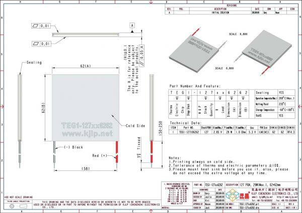 Home > Products > Generator Type > TEG1-127 Series (62x62mm) Peltier Generator/Peltier Chip/Peltier Module/Thermoelectric Chip/TEC/Cooler
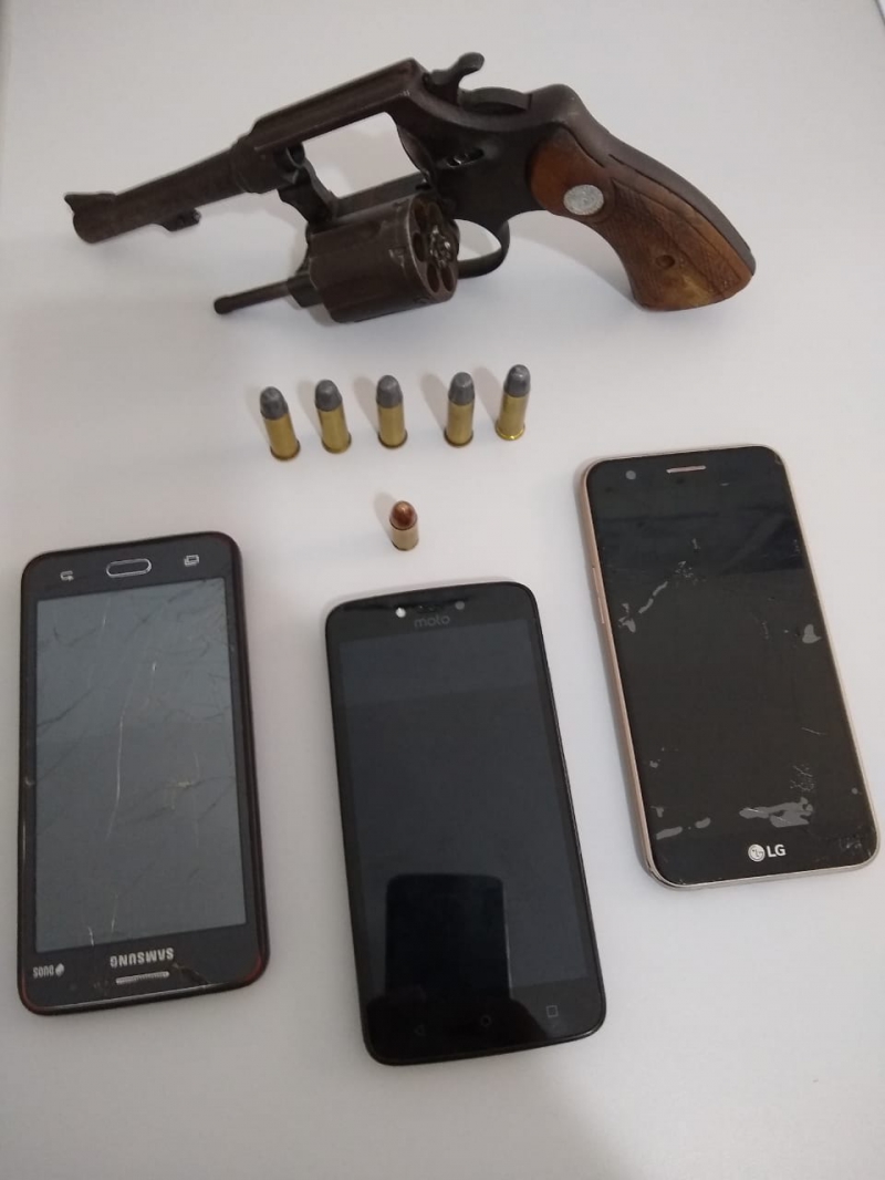 Realizada uma busca no interior do veiculo Fox branco, foram encontrados três aparelhos celulares e uma munição intacta de calibre 9 mm.
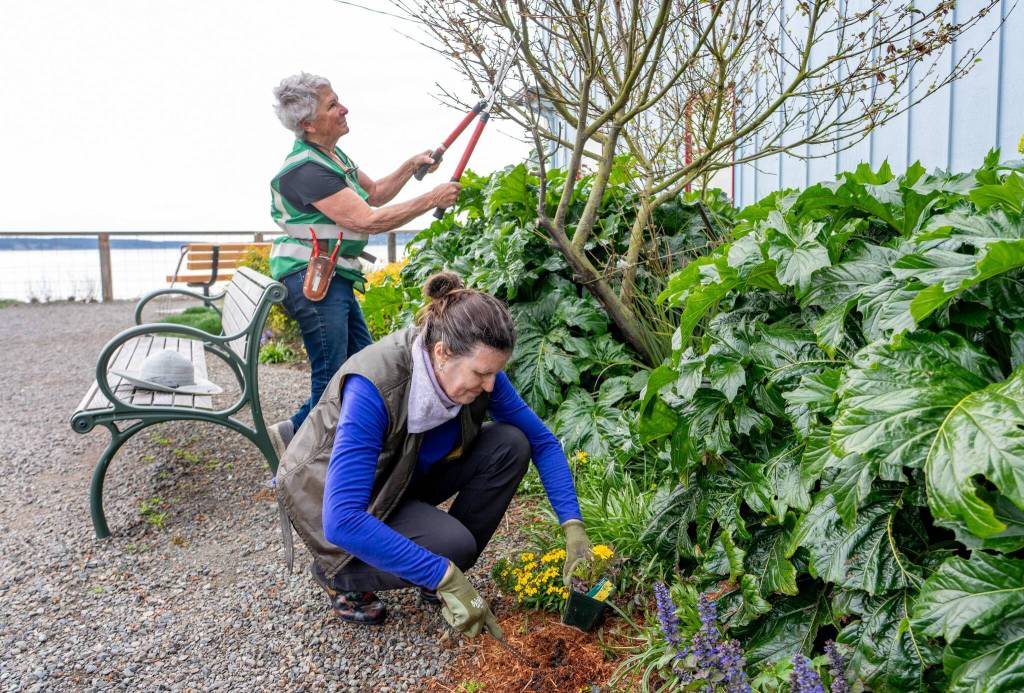 Port Townsend Main Street Program volunteers, Kate Dwyer, rear, prunes a flannel tree while Paulette Dell’Ario plants a marigold during a Saturday Earth Day event…
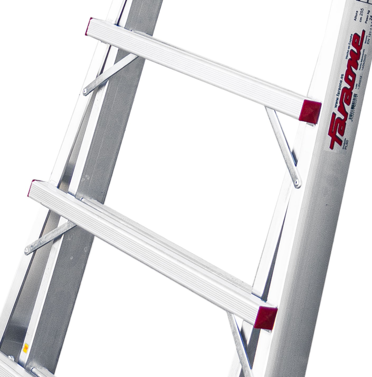 La PLS es una escalera generalmente utilizada en obras por profesionales que quieren trabajar con una escalera ligera, fácil de transportar y segura. Además, posee dos estabilizadores retractiles que garantizan la seguridad del trabajador.
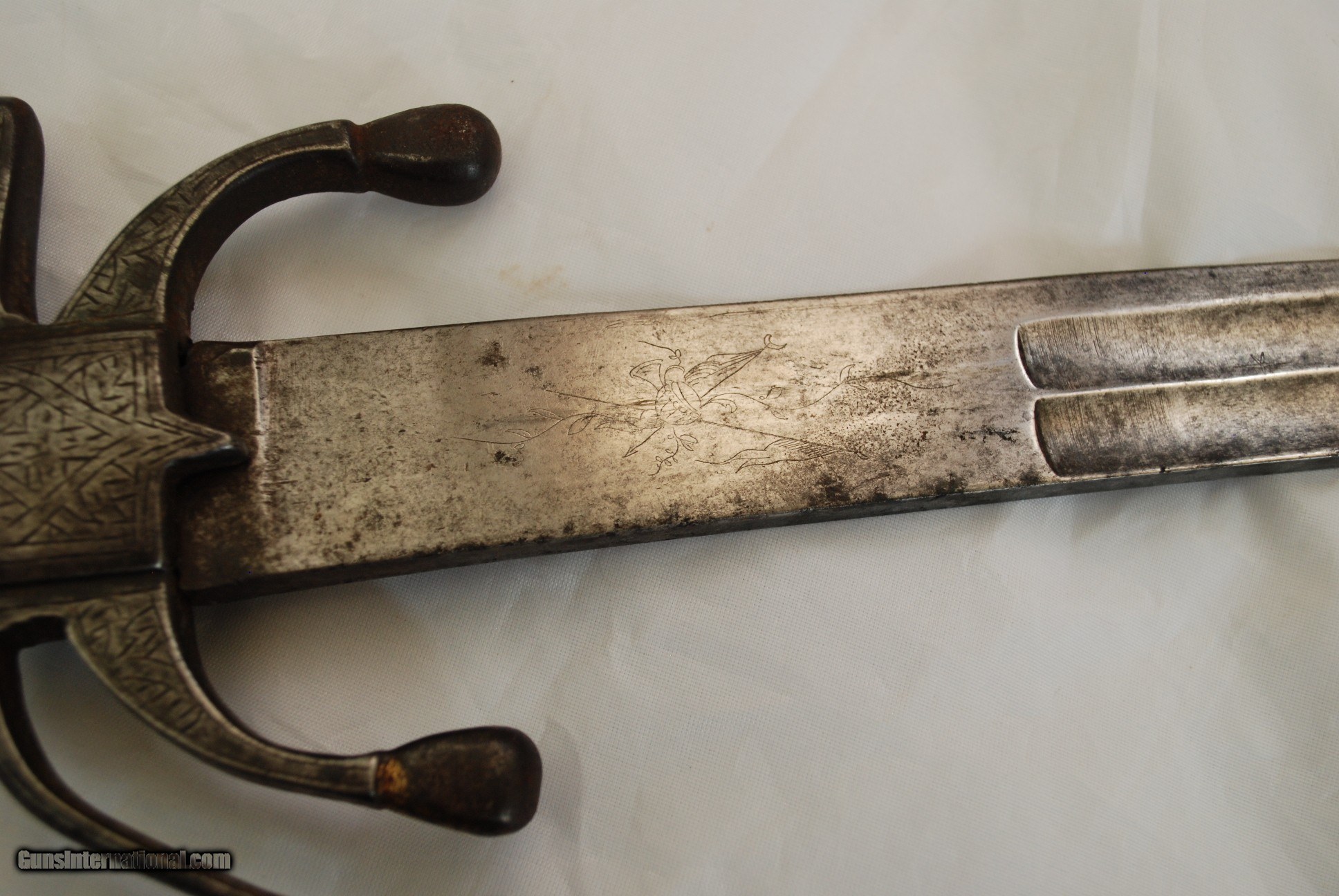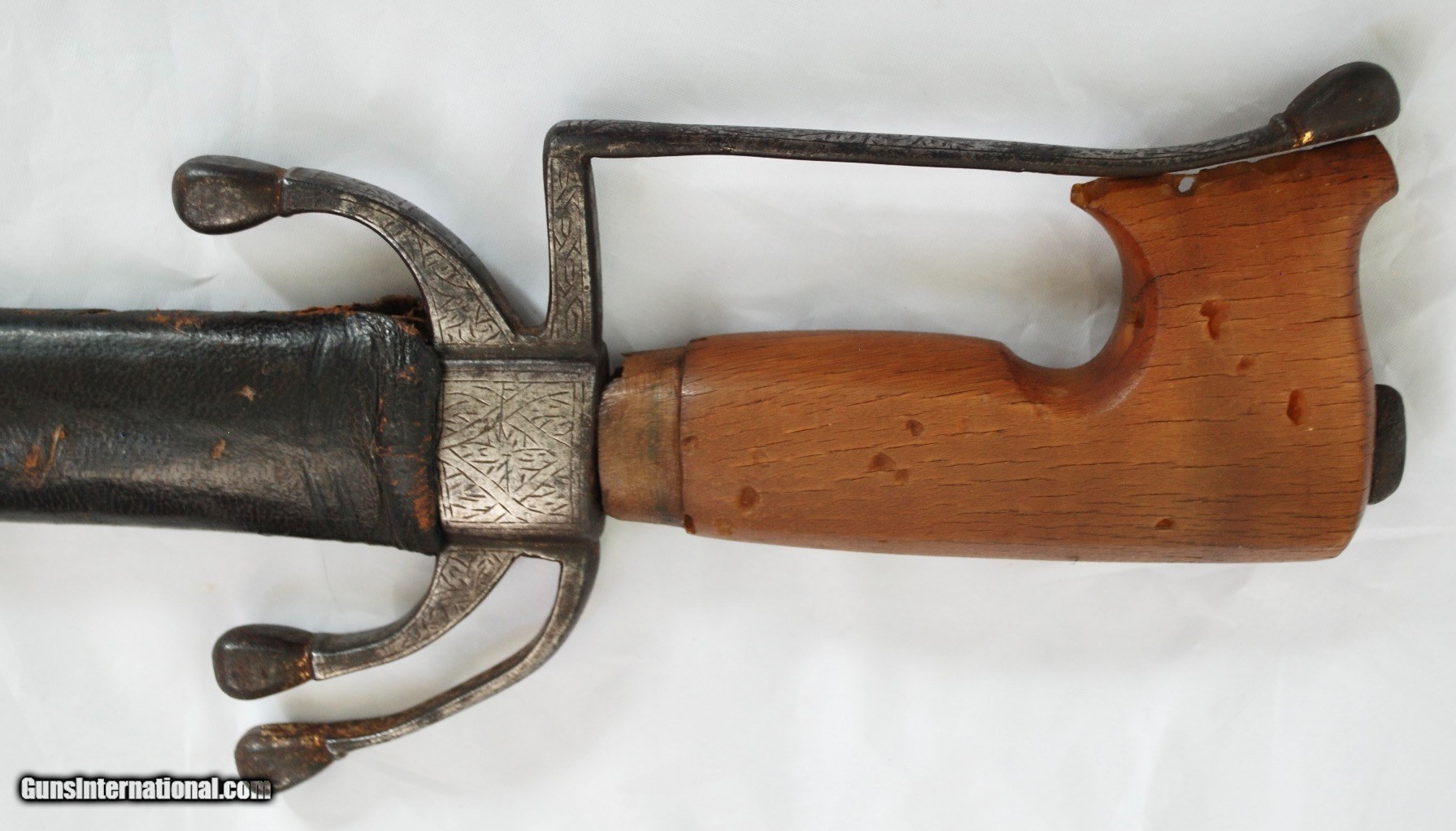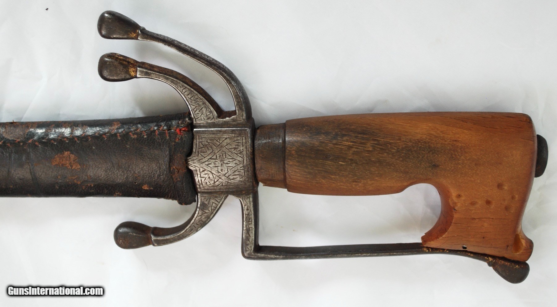 Description: This Nimcha sword is 40" overall with a 32" high quality European blade and an exquisite Rhino horn handle which is one of the rarest and most desirable materials on earth now, IT IS WORTH MORE THAN ITS WEIGHT IN GOLD OR DIAMONDS, look it up. ://newsroom.ucla.edu/releases/which-is-most-valuable-gold-cocaine-or-rhino-horn. The sword handle was obviously made well before rhino horn trade was banned. Overall condition is very good, leather held up surprisingly good, there are traces of gold wash on the handle;the sword was obviously made for a wealthy and influential individual. Npo international shipping on this one. Visa/MC add 3%. Thanks check my other listings. SOLD |
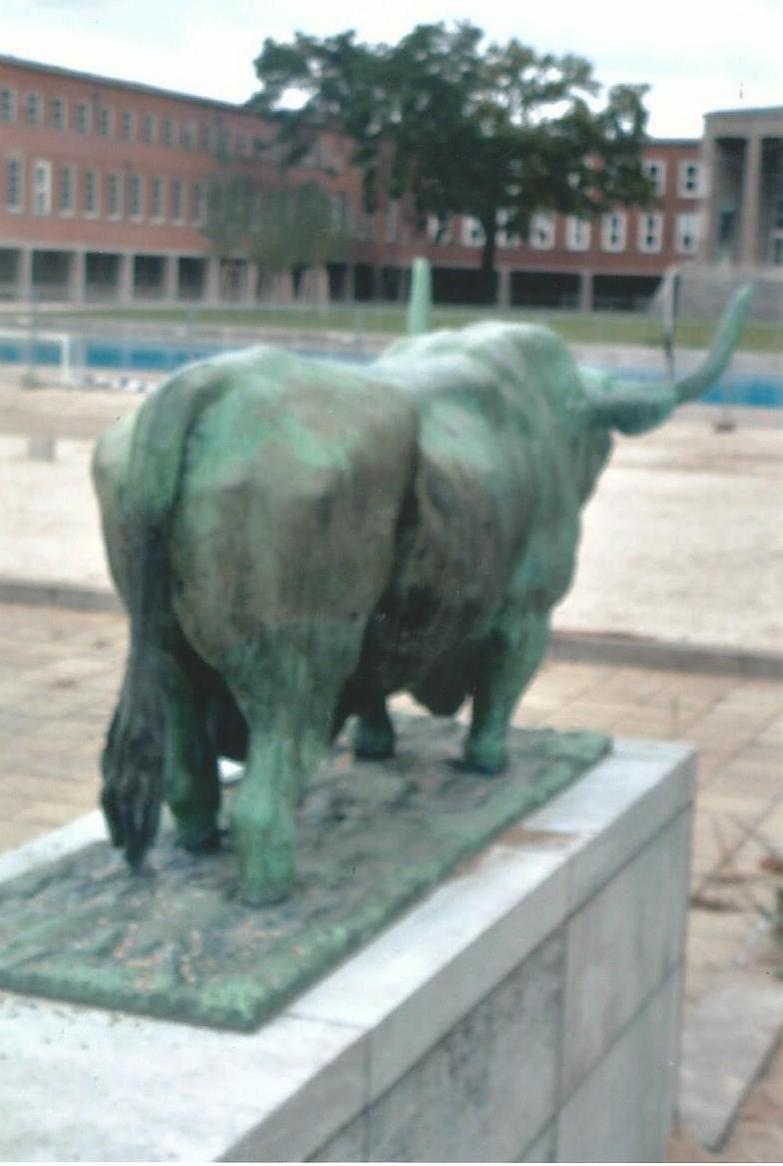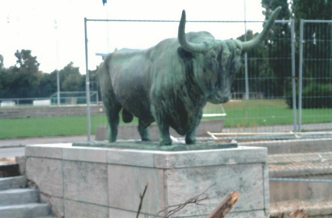 Die Bronzeplastiken „Stier“ und „Kuh“ flankieren auf den Treppenwangen aus Muschelkalk stehend den offenen Zugang an der südwestlichen Seite des Jahnplatzes. Die sich vom Platz aus gesehen an der rechten Seite befindliche Kuh hatte ursprünglich ein Kalb neben sich stehen, dessen Verbleib heute unbekannt ist. Die Markierungen auf der Plinthe hierfür sind noch vorhanden (Susanne Kähler).

────────────────────

Give back the full listing exactly, with pictures dropped.

 Home > Products > Generator Type > TEG1-127 Series (62x62mm) Peltier Generator/Peltier Chip/Peltier Module/Thermoelectric Chip/TEC/Cooler
 Realizada uma busca no interior do veiculo Fox branco, foram encontrados três aparelhos celulares e uma munição intacta de calibre 9 mm.
 Port Townsend Main Street Program volunteers, Kate Dwyer, rear, prunes a flannel tree while Paulette Dell’Ario plants a marigold during a Saturday Earth Day event…
 La PLS es una escalera generalmente utilizada en obras por profesionales que quieren trabajar con una escalera ligera, fácil de transportar y segura. Además, posee dos estabilizadores retractiles que garantizan la seguridad del trabajador.
 Description: This Nimcha sword is 40" overall with a 32" high quality European blade and an exquisite Rhino horn handle which is one of the rarest and most desirable materials on earth now, IT IS WORTH MORE THAN ITS WEIGHT IN GOLD OR DIAMONDS, look it up. ://newsroom.ucla.edu/releases/which-is-most-valuable-gold-cocaine-or-rhino-horn. The sword handle was obviously made well before rhino horn trade was banned. Overall condition is very good, leather held up surprisingly good, there are traces of gold wash on the handle;the sword was obviously made for a wealthy and influential individual. Npo international shipping on this one. Visa/MC add 3%. Thanks check my other listings. SOLD |
 Die Bronzeplastiken „Stier“ und „Kuh“ flankieren auf den Treppenwangen aus Muschelkalk stehend den offenen Zugang an der südwestlichen Seite des Jahnplatzes. Die sich vom Platz aus gesehen an der rechten Seite befindliche Kuh hatte ursprünglich ein Kalb neben sich stehen, dessen Verbleib heute unbekannt ist. Die Markierungen auf der Plinthe hierfür sind noch vorhanden (Susanne Kähler).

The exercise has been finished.